= Culchie =

Person from rural Ireland (pejorative)

Culchie is a term in Hiberno-English for someone from rural Ireland. The term usually has a pejorative meaning directed by urban Irish against rural Irish, but since the late 20th century, the term has also been reclaimed by some who are proud of their rural or small-town origin. In Dublin, the term culchie is often used to describe someone from outside County Dublin. In Belfast, Northern Ireland, the term is used to refer to persons from outside of the city proper but not necessarily outside the Greater Belfast area. The etymology of the term is unclear.

==Possible derivations==
The term is defined in the Oxford English Dictionary as "one who lives in, or comes from, a rural area; a (simple) countryman (or woman), a provincial, a rustic". It is sometimes said to be a word derived from the remote town of Kiltimagh, County Mayo.

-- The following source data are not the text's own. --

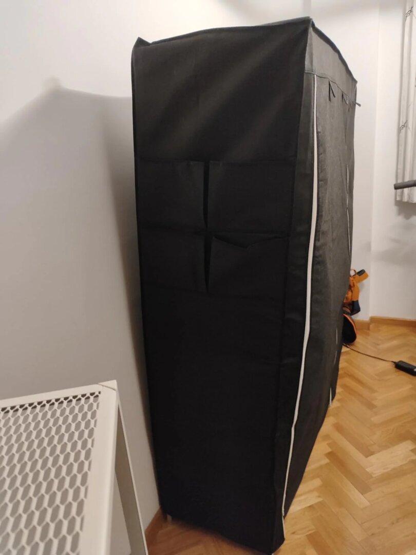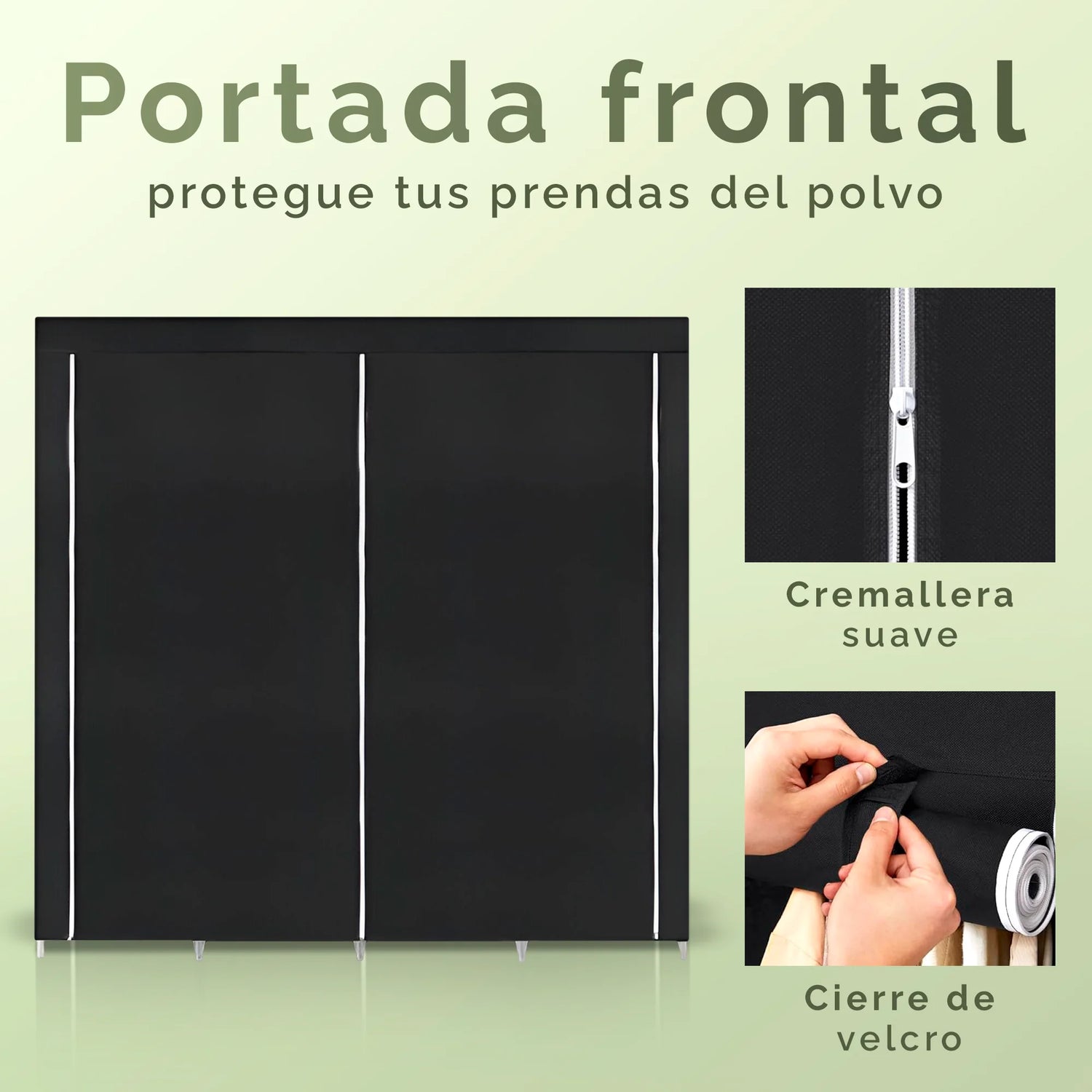 la cubierta exterior está hecha de tela no tejida de alta calidad, gruesa y duradera, a prueba de polvo y resistente al agua. Las puertas enrolladas con cremallera garantizan que tu ropa permanezca limpia y ordenada.
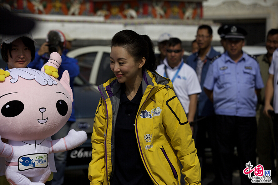 Chinese billiards star Pan Xiaoting attended the blessing ceremony of the first Qinghai Lake Electric Vehicle International Challenge Competition on June 9 in Xining. [Photo by Wu Wenda / China.org.cn]
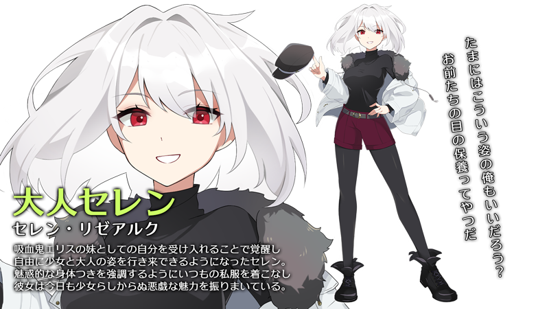 セレンが吸血鬼エリスの妹としての自分を受け入れることで吸血鬼の真の力(※)に覚醒し、自由に少女の姿と成長した大人の姿を行き来できるようになった状態。こちらは大人の姿である。
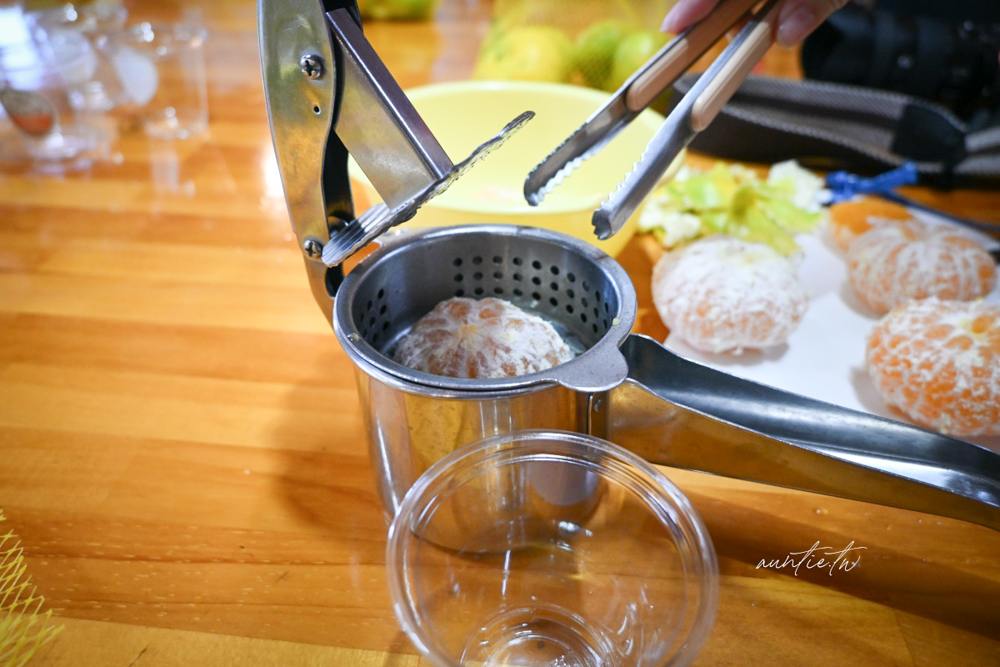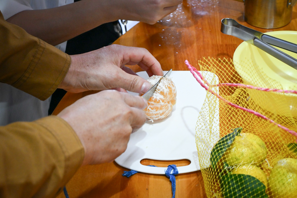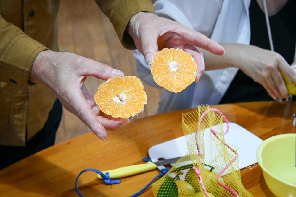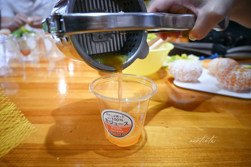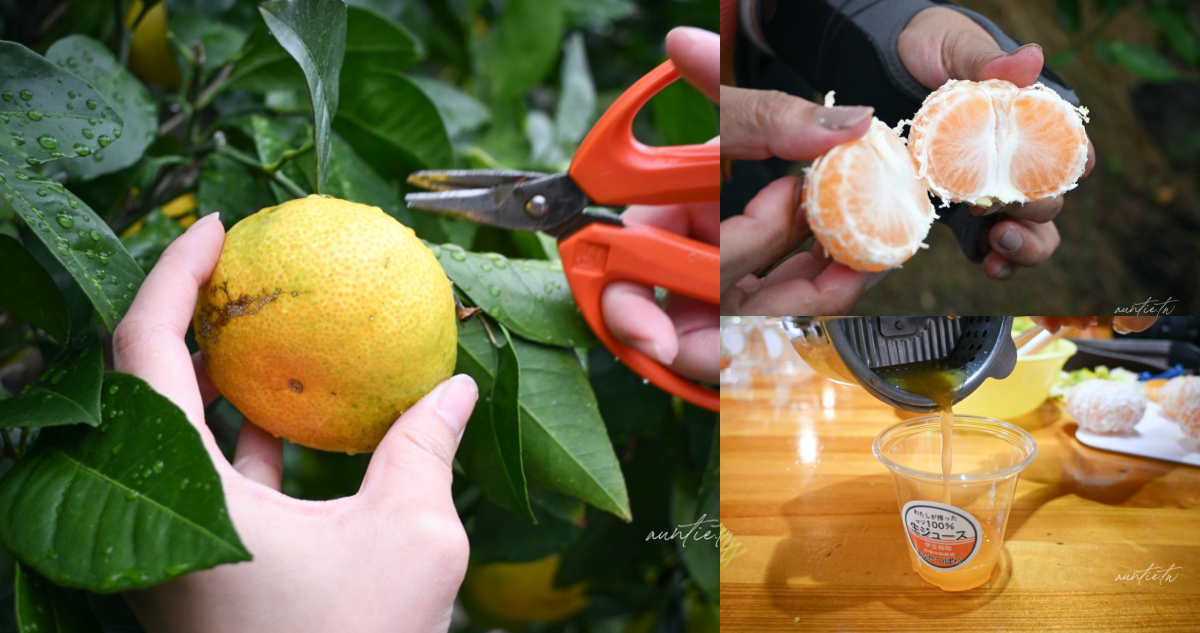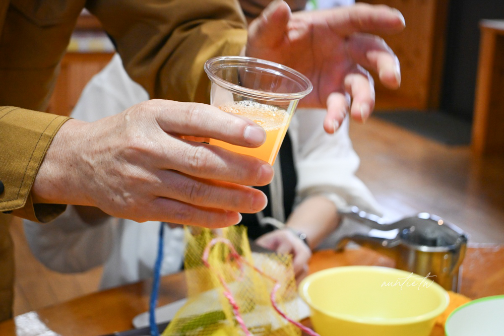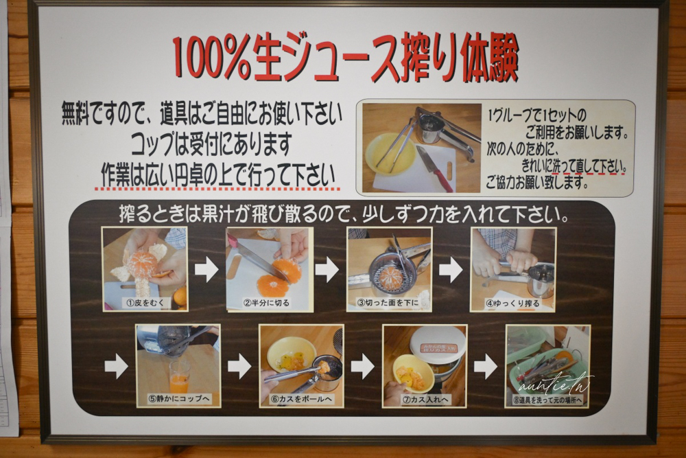 採收後的橘子還可以自己榨果汁喝,休憩處有提供榨汁機免費取用,使用過後需要自行清洗歸還。橘子切半後直接壓榨,喝起來鮮甜無比,現榨現喝,味道真的不是一般罐裝橘子汁可以相比的。
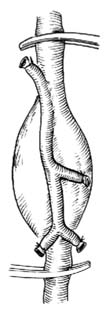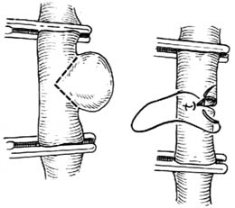 对于小型动脉瘤,切除瘤囊后可直接缝合修复管壁[图2];或作楔形切除横行修复[图3]。只要部分动脉壁尚健全,均可进行修复。
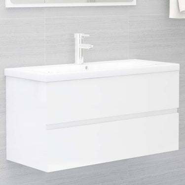 Wastafelkast met ingebouwde wastafel bewerkt hout hoogglans wit
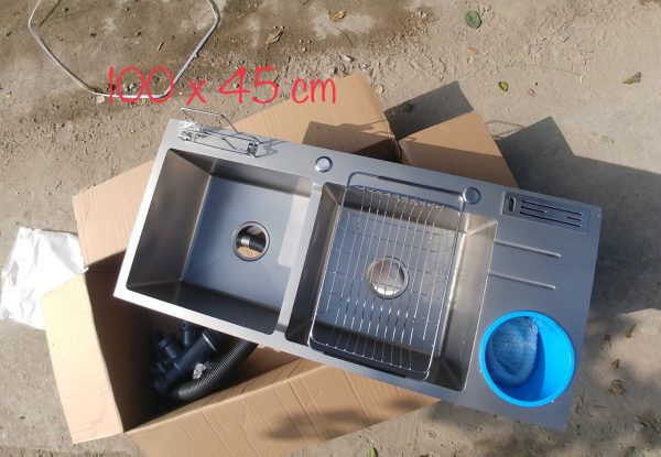 Chậu rửa bát inox 2 hố KOBESI KB 10045 Có bàn inox nano xám có cài dao và cài thớt và hố giác
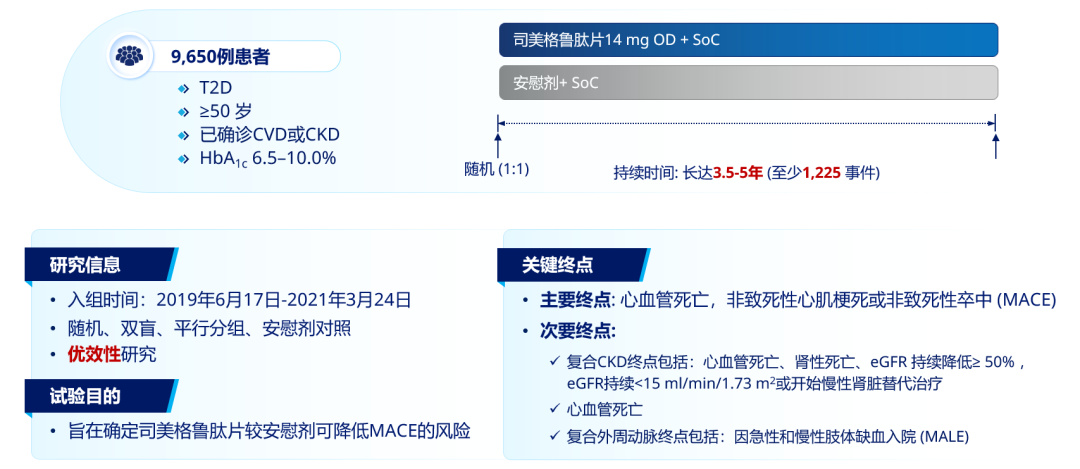 注:CVD,心血管疾病,包括冠脉疾病、脑血管疾病、及症状性外周动脉疾病;CKD,慢性肾脏病,定义为eGFR<60ml/min/1.73m2;HbA1c,糖化血红蛋白;eGFR,估算肾小球滤过率;MACE,主要心血管不良事件;OD,每日一次;SoC,标准治疗(允许除GLP-1RA以外的所有降糖药物);MALE,主要不良肢体事件
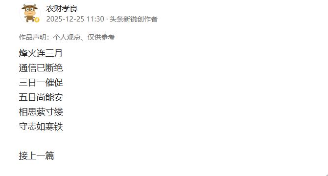 中长期的利好也来啦! 昨天的打油诗不工整,只图大家看个明白 前2句是名字 中间 2句 一句是三成已如 另一句是5成持有才安心 最后两句是我买了就不动,持有就对了。有多个牛股基因 刚刚又设立了创投基金,这个时候就有了情绪价值。 昨天可能很多人都不会这样做 那个位置入场,跌了不是找骂吗? 但是机会就是机会 在市场上没有这样的转场和临判,那就是散财童子 昨天我入场,知道一些铁粉不知所措。 那么短时间大家买的估计都是坑 那就做事形成闭环 才有了打油诗 由于时间和语文功底限制,不然高低整个8句 最后2句想了想 盼得烽烟尽,登高迎新年
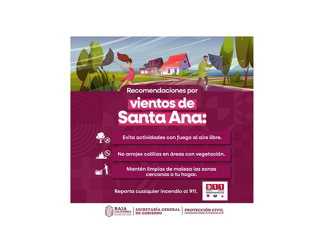 TIJUANA.- 08 de diciembre de 2025.- La Coordinación Estatal de Protección Civil (CEPC), con base en información de la Administración Nacional Oceánica y Atmosférica (NOOA, por sus siglas en inglés) informa sobre el arribo de vientos de Santa Ana en la región durante esta semana, por lo que exhorta a la ciudadanía a extremar precauciones.
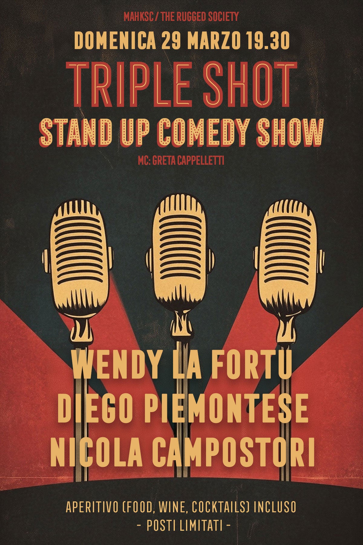 Aperitivo (food + open bar) incluso. Non uno, non due, ma ben tre comici per questa serata! WENDY LA FORTU, DIEGO PIEMONTESE, NICOLA CAMPOSTORI Presenta: Greta Cappelletti.
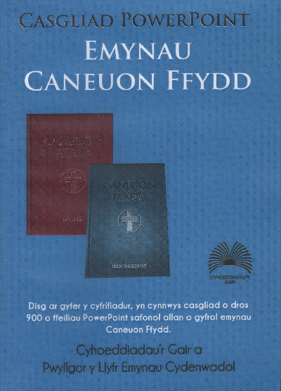A DVD comprising 900 files for a Powerpoint presentation of hymns from the volume Caneuon Ffydd, together with a short selection of additional hymns. The appropriate licence is required (CCLl/Calamus) to use the contents on screen or to reproduce the hymns in leaflet form.
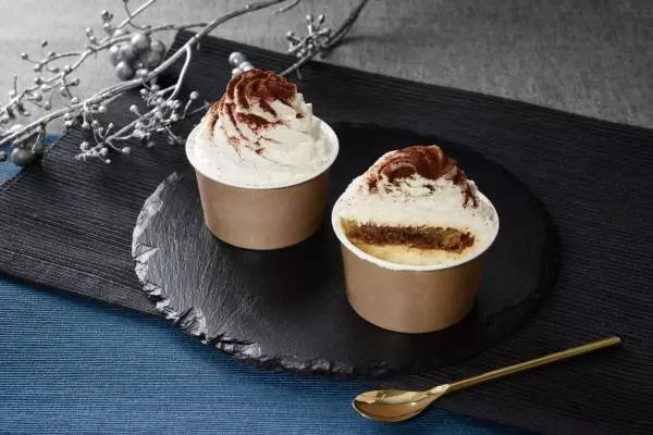新作は、チョコレートにフォーカスした2つの“プチ贅沢”スイーツ。「ウチカフェスペシャリテ 雪めくティラミス」は、ふんわりソフトなマスカルポーネホイップを重ねたキュートなカップスイーツだ。
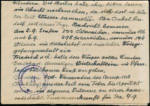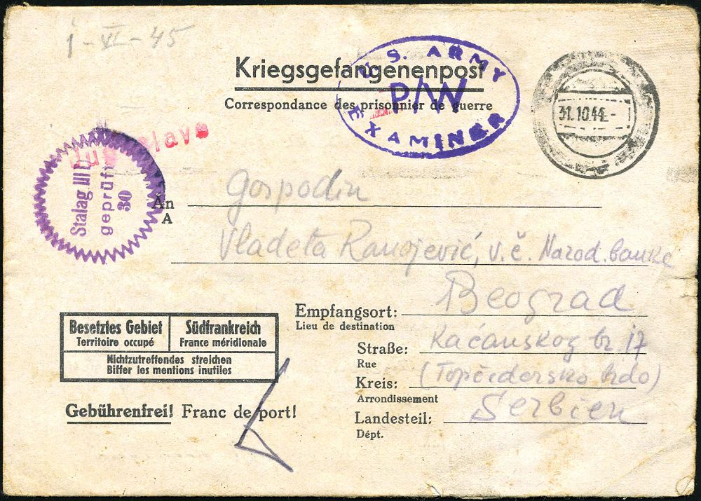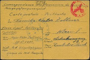 2737 | 45 € | KGF-POST II. WELTKRIEG (ab 1939) : Fürstenberg 1944 (31.10.) stummer 2K-Steg = Tarnstempel Fürstenberg a. französ.-deutscher Kgf.-Vordr.-Bf. "Besetztes Gebiet Südfrank-reich" für jugoslaw. Kgf.! , viol. Zensur-Zackenkranz: Stalag III B/geprüft/30 (Wo.10 f, Sonderform unbekannt!) + rs. viol. 1L: M-Stammlager III B + viol. Oval-Zensur: U.S. ARMY/P-W/EXAMINER = Ü b e r r o l l e r ! nach Beograd mit anhändendem , ungebr. Antwortteil!, selten! (hs. Datums-Vermerk "1-VI-45") | ![]() ![]() | |
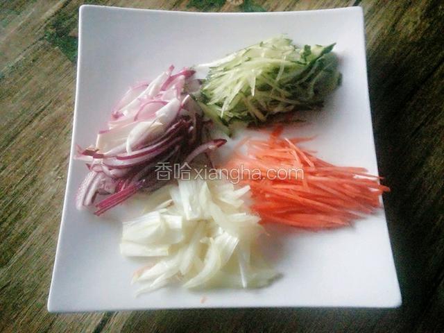 2.洋葱、胡萝卜、黄瓜分别切丝
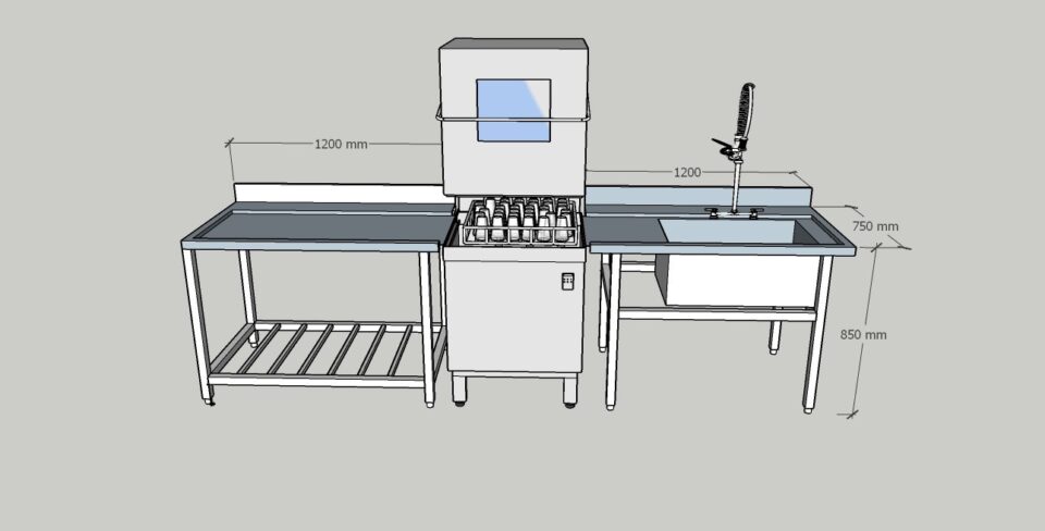 • – Bộ bàn dành cho máy rửa chén. Bao gồm bàn chứa vật dụng đã sử dụng (vật rửa- chén, dĩa, ly… đã sử dụng) gọi là bàn bẩn và một bàn dành để chứa vật dụng vừa rửa xong từ máy rửa chén gọi là bàn sạch – Khuyến nghị: cao
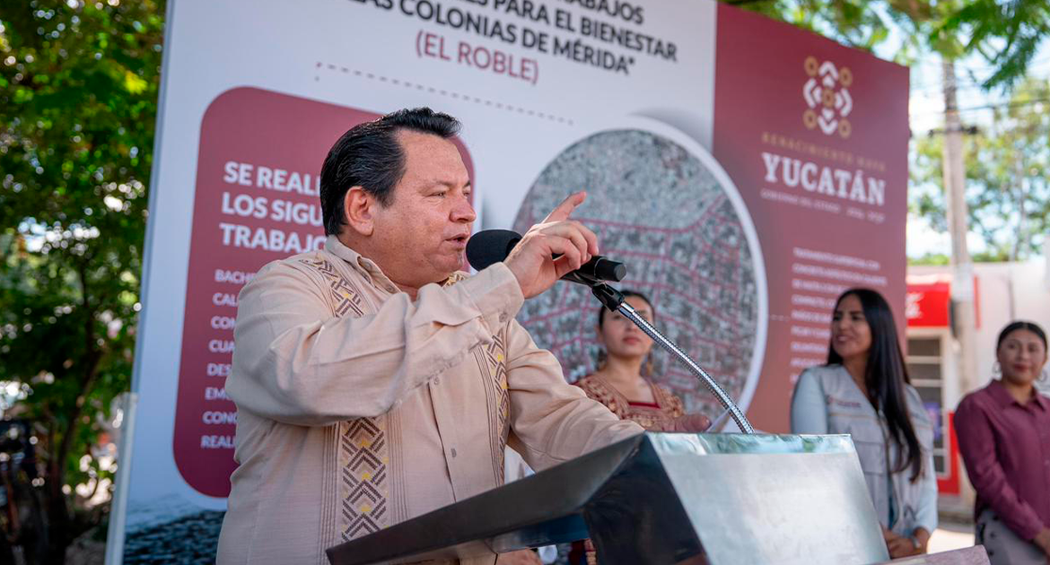 Mérida, Yucatán, 20 de octubre de 2025.- El gobierno de Yucatán destina 47.7 millones de pesos para mejorar calles en colonias del sur de Mérida. El Gobernador Joaquín Díaz Mena supervisó trabajos en la colonia El Roble Agrícola, donde se intervendrán 112 calles.

A further explanation is that the word derives from the word "agriculture", highlighting the agricultural/industrial divide between rural and urban populations.

It may be derived from an Irish-language term cúl an tí, meaning 'back of the house'. It was, and still is to a certain extent, common practice in rural areas to enter a neighbour's house through the back door, to avoid tracking dirt through the house and to visit in the kitchen, rather than the front, which was used for more formal visits. Thus the term cúl an tí or culchie referred to such rural peoples used to such practices. In the late 19th and early 20th centuries, many city dwellers from Dublin tenements worked as domestic servants in the homes of wealthier people. The servants were not permitted to enter the house through the front door but had to use the back door or servants' entrance. It became common practice in Dublin to use culchie in a derogatory manner. Over time, as the numbers of servants dwindled through the 20th century, the term was retained in everyday use.

The word culchie may instead be derived from the Irish word coillte, 'woods, forests'. It was used by townspeople, mainly in the western counties of Mayo and Galway, as a condescending or pejorative reference to people from rural areas. In the mid-1960s it was adopted as a common term in Dublin, as a counter to the country people's use of the word jackeen for a Dublin person. The culchie spelling is common in the English-language media, based on their understanding of phonetics and the word's derivation. It is also sometime spelled cultchie, indicative of its more likely derivation from cúl an tí.

Culchie is also an Irish term for a simple, impromptu bed, chiefly consisting of planks, hastily slung between the tapered end of an inglenook fireplace and the nearest wall of a farmhouse kitchen. A culchie might be offered to anyone who asked for a bed for the night, who was not known to the family (rather like letting someone sleep in the barn). So, this could have become a derogatory term for traveling rural labourers and hence just country folk. However, originally it was just an example of common hospitality as often formerly offered to travellers and those in need.

==Culchie Festival==
The Culchie Festival started in 1989 in Clonbur, County Galway and ran until 2012. The festival took place in many towns and villages throughout Ireland in its search to find an exemplary culchie or "village character" – a local (perhaps even parochial) personality with the ability to entertain at will and excel at various stereotypically rural tasks.

The festival was held in late October each year after regional heats held throughout Ireland and overseas Irish communities to select contestants. The final consisted of various challenges, such as tractor racing, nappy changing, sandwich making, potato picking, knitting, and karaoke. The 2008 winner was Adrian McCabe from Ballyjamesduff, County Cavan, where the next Culchie Festival was hosted, 23–25 October 2009.